So I started taking golf lessons recently. My first thought was, “My god, this is an expensive hobby.” My second thought was, “Good god, this is an expensive hobby!” And my third thought was, “Why am I so bad at this?!” I had no idea I could actually be so inept at something at which I thought I was fairly adept. I spent an entire lesson trying to achieve a single proper swing with an 8-iron club. Even by the lesson’s end, I was unable to make the needed corrections to my form. Searching for encouragement within my demoralized brain, I came upon the legendary Bruce Lee.
I remembered that he often waxed eloquent about the 4 stages of competence, stages that everyone must pass through in order to achieve mastery at anything.
The first stage is unconscious incompetence. It is essentially where I was before I started taking lessons.

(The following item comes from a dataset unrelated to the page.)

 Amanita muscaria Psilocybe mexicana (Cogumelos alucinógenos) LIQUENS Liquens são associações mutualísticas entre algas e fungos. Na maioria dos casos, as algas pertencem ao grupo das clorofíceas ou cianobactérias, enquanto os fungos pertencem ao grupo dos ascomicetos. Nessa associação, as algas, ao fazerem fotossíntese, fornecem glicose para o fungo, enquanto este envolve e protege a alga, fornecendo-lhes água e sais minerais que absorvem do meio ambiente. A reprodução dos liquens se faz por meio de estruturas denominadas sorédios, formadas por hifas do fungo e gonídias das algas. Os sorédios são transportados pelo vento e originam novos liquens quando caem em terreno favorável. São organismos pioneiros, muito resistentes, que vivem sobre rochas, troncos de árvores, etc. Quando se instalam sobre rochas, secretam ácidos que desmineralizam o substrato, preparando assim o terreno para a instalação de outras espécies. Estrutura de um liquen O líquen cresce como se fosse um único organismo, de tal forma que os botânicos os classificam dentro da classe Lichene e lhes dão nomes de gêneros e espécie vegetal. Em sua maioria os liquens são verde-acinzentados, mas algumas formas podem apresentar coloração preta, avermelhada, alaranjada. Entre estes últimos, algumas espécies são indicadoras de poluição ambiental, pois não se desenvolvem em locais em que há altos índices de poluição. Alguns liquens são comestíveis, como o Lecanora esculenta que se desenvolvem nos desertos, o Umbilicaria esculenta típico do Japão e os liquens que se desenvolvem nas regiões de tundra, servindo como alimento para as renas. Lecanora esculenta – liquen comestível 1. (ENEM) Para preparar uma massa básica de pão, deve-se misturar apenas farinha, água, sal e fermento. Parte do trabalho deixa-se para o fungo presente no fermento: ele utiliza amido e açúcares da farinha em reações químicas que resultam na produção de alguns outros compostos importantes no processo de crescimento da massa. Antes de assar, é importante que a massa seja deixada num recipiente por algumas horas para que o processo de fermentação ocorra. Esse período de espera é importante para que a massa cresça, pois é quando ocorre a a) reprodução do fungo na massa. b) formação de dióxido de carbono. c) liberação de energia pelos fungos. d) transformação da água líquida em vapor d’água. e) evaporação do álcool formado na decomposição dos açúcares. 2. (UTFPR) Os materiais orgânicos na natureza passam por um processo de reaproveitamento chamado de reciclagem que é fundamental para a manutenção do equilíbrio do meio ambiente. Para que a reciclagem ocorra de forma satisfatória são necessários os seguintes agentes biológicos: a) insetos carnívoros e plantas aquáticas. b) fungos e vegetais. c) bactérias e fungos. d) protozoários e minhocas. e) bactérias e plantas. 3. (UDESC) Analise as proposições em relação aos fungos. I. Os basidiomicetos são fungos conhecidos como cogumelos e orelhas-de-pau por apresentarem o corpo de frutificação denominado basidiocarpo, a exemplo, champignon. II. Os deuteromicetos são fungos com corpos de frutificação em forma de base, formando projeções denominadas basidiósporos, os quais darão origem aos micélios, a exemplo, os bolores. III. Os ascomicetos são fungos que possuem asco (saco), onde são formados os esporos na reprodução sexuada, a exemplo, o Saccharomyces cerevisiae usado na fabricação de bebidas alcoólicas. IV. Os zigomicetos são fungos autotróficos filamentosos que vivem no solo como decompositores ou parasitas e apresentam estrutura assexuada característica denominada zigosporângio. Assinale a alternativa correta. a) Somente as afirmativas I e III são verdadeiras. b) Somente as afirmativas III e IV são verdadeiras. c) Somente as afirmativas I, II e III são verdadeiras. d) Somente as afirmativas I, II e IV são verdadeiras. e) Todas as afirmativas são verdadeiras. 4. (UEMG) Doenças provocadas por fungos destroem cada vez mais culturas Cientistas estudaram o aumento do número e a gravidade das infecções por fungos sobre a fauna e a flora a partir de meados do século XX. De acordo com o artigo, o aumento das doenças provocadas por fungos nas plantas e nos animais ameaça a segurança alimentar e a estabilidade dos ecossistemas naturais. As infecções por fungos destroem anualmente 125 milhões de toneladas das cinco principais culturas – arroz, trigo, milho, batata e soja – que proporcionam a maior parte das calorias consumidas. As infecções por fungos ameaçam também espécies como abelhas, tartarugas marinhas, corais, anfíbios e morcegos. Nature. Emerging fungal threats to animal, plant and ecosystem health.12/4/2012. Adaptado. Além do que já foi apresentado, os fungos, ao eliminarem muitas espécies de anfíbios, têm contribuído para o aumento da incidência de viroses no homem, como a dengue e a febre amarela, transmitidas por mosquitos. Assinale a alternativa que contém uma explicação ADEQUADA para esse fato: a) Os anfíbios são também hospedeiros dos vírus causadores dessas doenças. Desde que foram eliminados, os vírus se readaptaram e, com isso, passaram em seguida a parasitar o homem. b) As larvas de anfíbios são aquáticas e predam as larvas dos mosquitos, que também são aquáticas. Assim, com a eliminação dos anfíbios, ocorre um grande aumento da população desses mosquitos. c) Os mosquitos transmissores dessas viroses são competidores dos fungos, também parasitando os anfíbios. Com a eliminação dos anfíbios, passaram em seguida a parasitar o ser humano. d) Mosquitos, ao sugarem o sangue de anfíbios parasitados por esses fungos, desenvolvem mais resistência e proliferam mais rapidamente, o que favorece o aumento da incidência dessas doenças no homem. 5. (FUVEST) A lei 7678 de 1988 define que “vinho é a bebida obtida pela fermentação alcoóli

My skills were lacking, but I was unaware that they were lacking to begin with.
The second stage is conscious incompetence. It’s exactly what it sounds like. I’m still incompetent, but at least I know I am. I may even know where I err, but up until this point I have been unable to correct course.

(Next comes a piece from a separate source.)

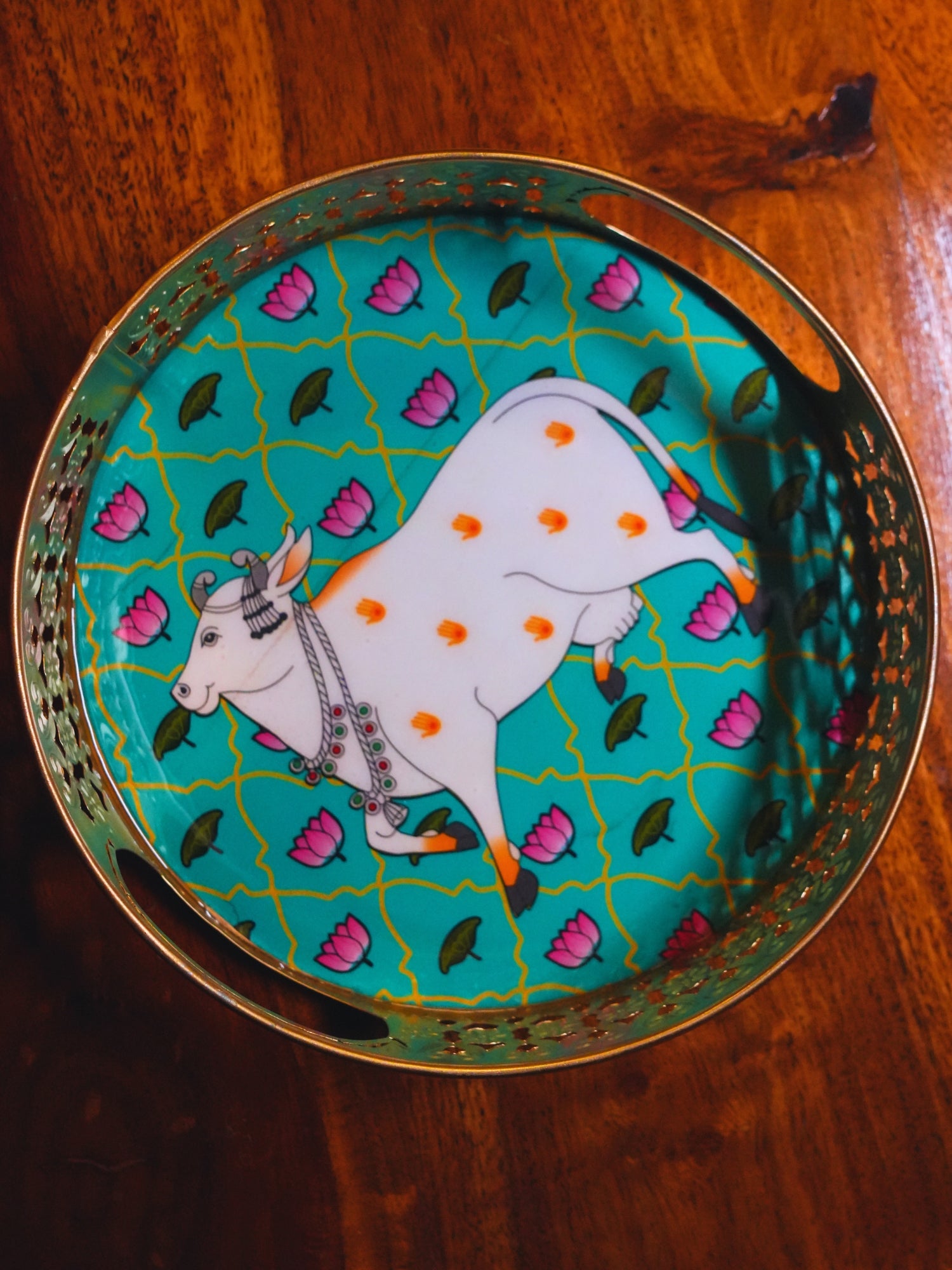 Metal Pichwai Tray with Decorative Pichwai Jar

The third stage is conscious competence. It’s the stage I would like to reach by the end of my beginner’s set of lessons. With concentration and willed effort, I should be able to hit the ball with proper form and in a respectably consistent manner.

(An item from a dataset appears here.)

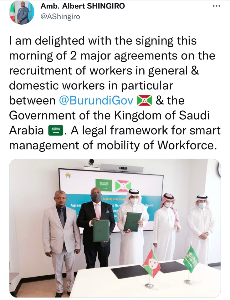 In 2015, Ethiopia, Kenya and Uganda banned domestic workers going to the Gulf and the Kenyan government revoked 930 licences of recruitment agencies. In 2017, the ban was lifted and recruitment commenced though corrupt systems that ensured a supply of people being trafficked to work in the Middle East. According to the Kenya’s Foreign Ministry, 89 Kenyans, most of them domestic workers have died in Saudi Arabia in the past two years. The Saudi government maintains that most deaths were due to cardiac arrest but officials in Kenya have deemed them suspicious. In September 2021, the Kenyan government put a temporary ban on the recruitment and exportation of Kenyan domestic workers to Saudi Arabia until adequate protective measures are put in place. Well, that was very short lived if agencies were already publicly recruiting for more workers over the radio just a month after the ban was enacted. Meanwhile in Burundi, their government just signed a major agreement in October with the government of Saudi Arabia to recruit workers and domestic workers.

The fourth and final stage is unconscious competence. Not only are you successful, but the path to your success has been engraved into your nervous system. Your body knows what to do without your mind directing every little muscle movement and position. It is like playing a song on an instrument, forgetting what comes next, and yet your body proceeds uninterrupted. In fact, over-thinking each note may actually cause you to falter. That is why you may want to pay for professional instruction at the outset. You don’t want to embed mistakes into your unconscious mind and body, or you may have to spend years trying to undo them as you pass through the 4 stages. Most people will give up during the stage of conscious incompetence. Their psychology becomes overtaken with frustration at their ineptitude, when if they just kept at it a little while longer, they would achieve the emotional high that signals their arrival into competence.